Abstract 349: Measurement of Platelet Cyclooxygenase-1 Acetylation Quantifies Interaction of Nonsteroidal Anti-Inflammatory Drugs with Aspirin in vivo

Abstract

Aspirin prevents heart attack and stroke by irreversibly acetylating serine-529 in human platelet cyclooxygenase-1 (COX-1) and thereby inhibiting the biosynthesis of thromboxane (Tx). We hypothesized that precise quantification of COX-1 acetylation would allow the direct detection of drug-drug interactions between reversible COX inhibitors, nonsteroidal anti-inflammatory drugs (NSAIDs), and aspirin, which may abrogate its cardio-protective effect. We developed a stable isotope dilution liquid chromatography multiple reaction monitoring/mass spectrometry (LC-MRM/MS) method for measurement of platelet COX-1 acetylation. Serine-529 acetylation reflected faithfully aspirin pharmacology determined with conventional markers (serum TxB2 formation, urinary excretion of 11-dehydro-TxB2, and arachidonic acid induced platelet aggregation), but showed lower technical (CV% 3.7±2.7) and inter-individual variability (CV% 3.7).
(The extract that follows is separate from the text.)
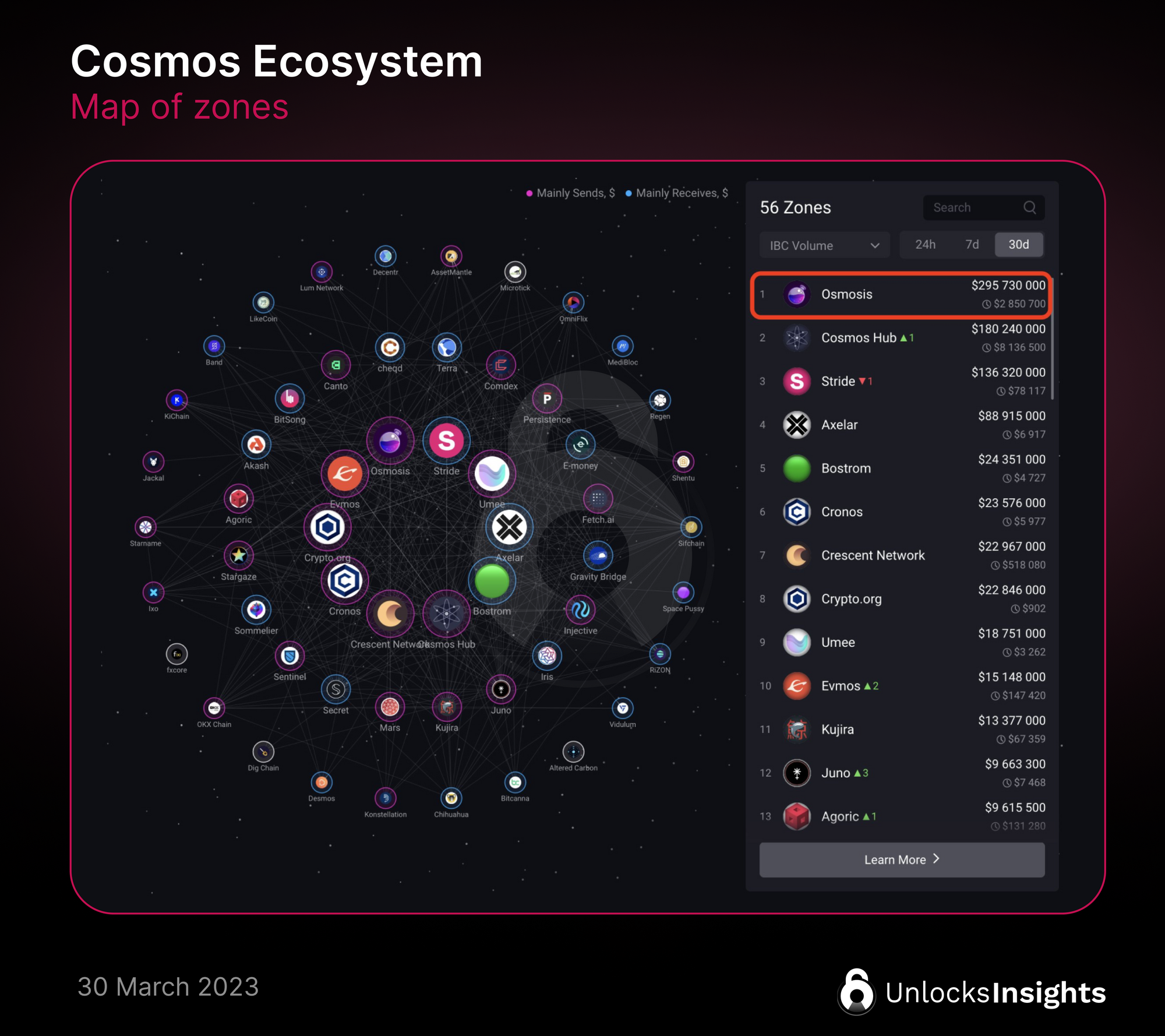 New to the Cosmos ecosystem? Osmosis is the first dApp (Zone) you need to know. It is the biggest DEX on the Cosmos Network, with its native token $OSMO enabling cross-chain trading via the IBC protocol. Osmosis has the most IBC volume and a fixed maximum supply of 1 billion tokens, aiming to incentivize long-term participation.

Oral administration of 325 mg of plain aspirin resulted in complete acetylation of platelet COX-1 within 2 hours and sustained maximal acetylation (71 ± 3% of total COX-1 amount) for up to two days in health volunteers (n=8). Recovery from acetylation, which reflects platelet turn-over, occurred at a rate of 7.2 ± 0.2 % per day. We compared the potential of five NSAIDs to block aspirin from acetylating platelet COX-1 in healthy volunteers (n=7 for each NSAID). Single doses of naproxen (500 mg), ibuprofen (600 mg), and diclofenac (100 mg) but not celecoxib (200 mg) and acetaminophen (1000 mg) prevented complete COX-1 acetylation by 325 mg aspirin administered 2 hours after the NSAID. The competition of NSAIDs with aspirin was conditioned by NSAID pharmacokinetics, potency, and COX isoform selectivity, suggesting variability in the likelihood of the drug-drug interaction between compounds and between patients. Monitoring platelet COX-1 acetylation may have utility in the identification of drug interactions that may limit the cardio-protective effect of low dose aspirin.